La trasmissione di immagini a un soggetto terzo non può avvenire per semplice iniziativa dell’amministrazione. Anche qui serve una base giuridica espressa. Senza una norma che autorizzi quella comunicazione, il passaggio del filmato alla Motorizzazione diventa un trattamento non consentito di dati personali.

Nel caso esaminato, il Garante non ha applicato una sanzione economica al Comune. Ha scelto invece la strada dell’ammonimento, tenendo conto delle circostanze concrete e della collaborazione fornita dall’ente durante l’istruttoria.

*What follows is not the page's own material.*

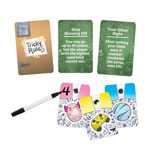 This is a must-follow trick-taking game with a twist: you write the values on your own cards each round, making every hand a new puzzle. Win tricks to claim point tokens, but choose carefully, because not all tokens are created equal. Add optional βTricky Ruleβ cards to mix things up, and youβve got a fast, funny, and replayable game of strategy and surprises.

Questo però non riduce la portata del principio affermato. Il messaggio è chiaro: i Comuni devono rispettare i limiti con cui installano e utilizzano i sistemi di videosorveglianza. Non possono ampliare di fatto le finalità del controllo solo perché le immagini sono già disponibili.

In assenza di una legge specifica, le telecamere urbane non possono essere usate come strumenti ordinari per accertare infrazioni stradali, comminare multe o trasmettere informazioni ad altri uffici pubblici per ulteriori valutazioni amministrative.

La decisione del Garante segna quindi un passaggio importante. Da una parte conferma il ruolo delle telecamere nella tutela della sicurezza urbana; dall’altra ricorda che la sicurezza non può diventare il pretesto per un controllo generalizzato dei cittadini.

La tecnologia consente ormai di osservare, registrare e conservare una quantità enorme di informazioni. Ma proprio per questo il suo uso deve restare vincolato alla legge. Altrimenti il rischio è evidente: strumenti nati per proteggere la collettività possono trasformarsi, poco alla volta, in meccanismi di sorveglianza amministrativa permanente.

Il punto finale è semplice: le telecamere pubbliche non sono occhi senza regole. Possono servire alla sicurezza, possono essere decisive in presenza di reati, possono aiutare l’autorità giudiziaria. Ma non possono essere usate liberamente per fare multe o per controllare la circolazione stradale se manca una norma precisa che lo consenta.

Per i cittadini, questo chiarimento rappresenta una garanzia. Per i Comuni, invece, è un promemoria piuttosto netto: la videosorveglianza non autorizza tutto. E la disponibilità tecnica di un’immagine non equivale automaticamente al diritto di usarla.